For this exercise, return only the lines in the records below from the one holding "Simpatica maglietta, in" through the one holding "Dibawah Panas Terik", including both, exactly as they appear and without pictures.

* RECORDS PROVIDED *
※ ※ ※

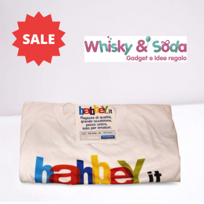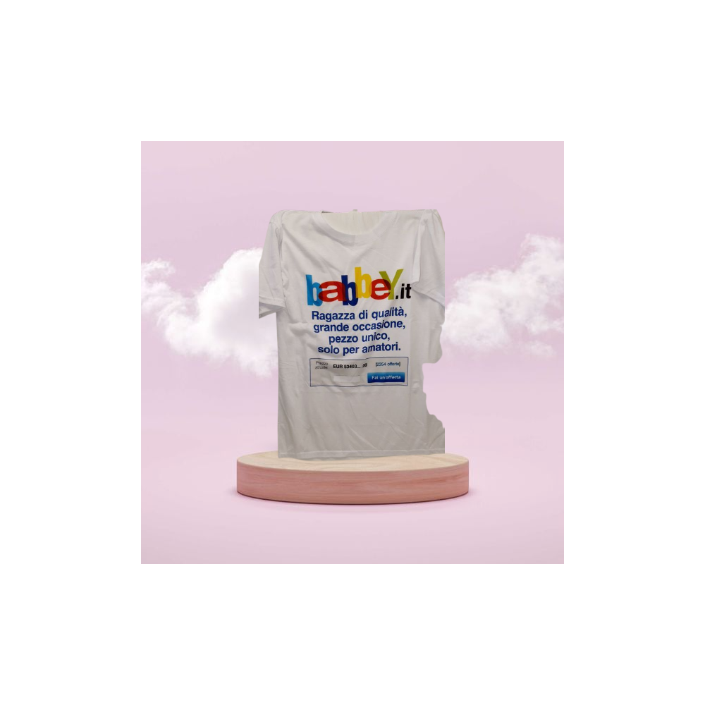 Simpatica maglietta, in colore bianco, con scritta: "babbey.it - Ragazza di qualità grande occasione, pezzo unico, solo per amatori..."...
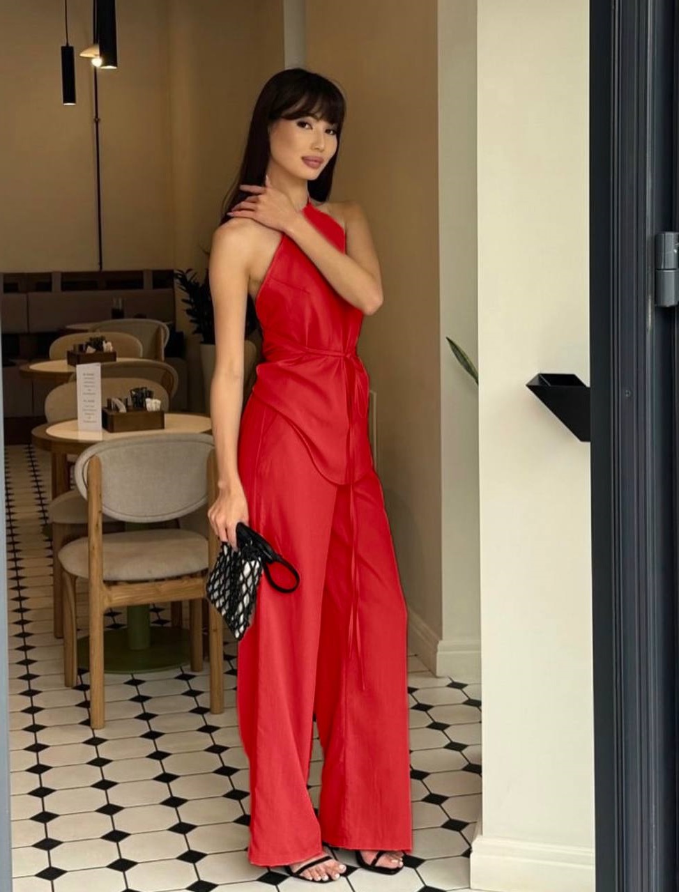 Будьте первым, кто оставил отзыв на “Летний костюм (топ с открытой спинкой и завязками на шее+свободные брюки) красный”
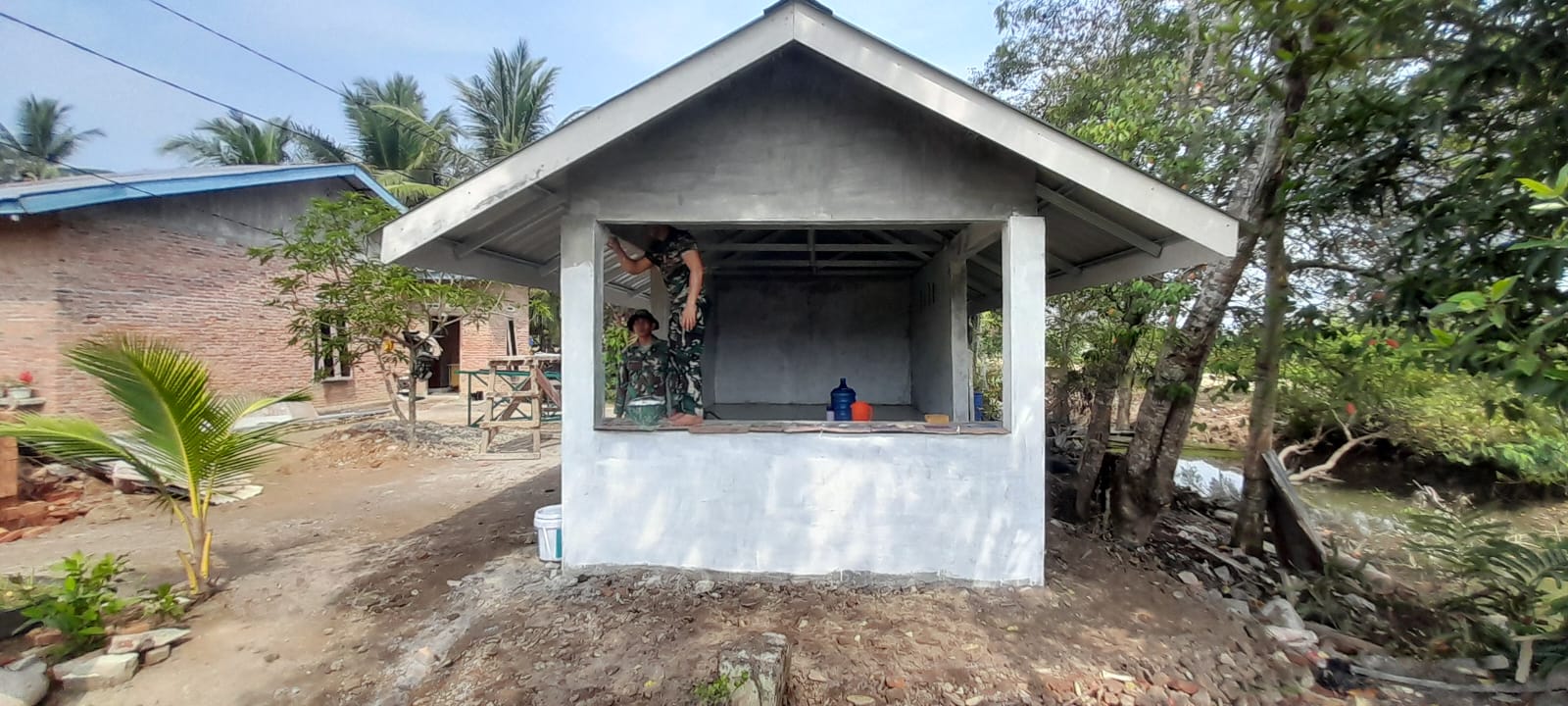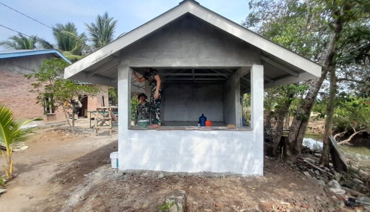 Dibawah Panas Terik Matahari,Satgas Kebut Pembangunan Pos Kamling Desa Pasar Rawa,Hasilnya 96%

※ ※ ※

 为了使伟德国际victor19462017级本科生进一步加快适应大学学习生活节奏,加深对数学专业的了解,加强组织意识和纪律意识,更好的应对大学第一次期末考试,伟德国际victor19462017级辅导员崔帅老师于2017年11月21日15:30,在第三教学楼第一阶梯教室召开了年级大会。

※ ※ ※

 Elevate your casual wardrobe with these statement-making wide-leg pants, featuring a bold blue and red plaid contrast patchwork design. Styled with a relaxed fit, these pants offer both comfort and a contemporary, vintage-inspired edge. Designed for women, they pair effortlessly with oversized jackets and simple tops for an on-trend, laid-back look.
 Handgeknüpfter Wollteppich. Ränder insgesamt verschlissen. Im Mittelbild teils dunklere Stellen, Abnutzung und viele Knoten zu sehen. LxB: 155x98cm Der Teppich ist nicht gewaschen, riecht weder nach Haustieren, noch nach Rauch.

※ ※ ※

* RESPONSE *
 Simpatica maglietta, in colore bianco, con scritta: "babbey.it - Ragazza di qualità grande occasione, pezzo unico, solo per amatori..."...
 Будьте первым, кто оставил отзыв на “Летний костюм (топ с открытой спинкой и завязками на шее+свободные брюки) красный”
 Dibawah Panas Terik Matahari,Satgas Kebut Pembangunan Pos Kamling Desa Pasar Rawa,Hasilnya 96%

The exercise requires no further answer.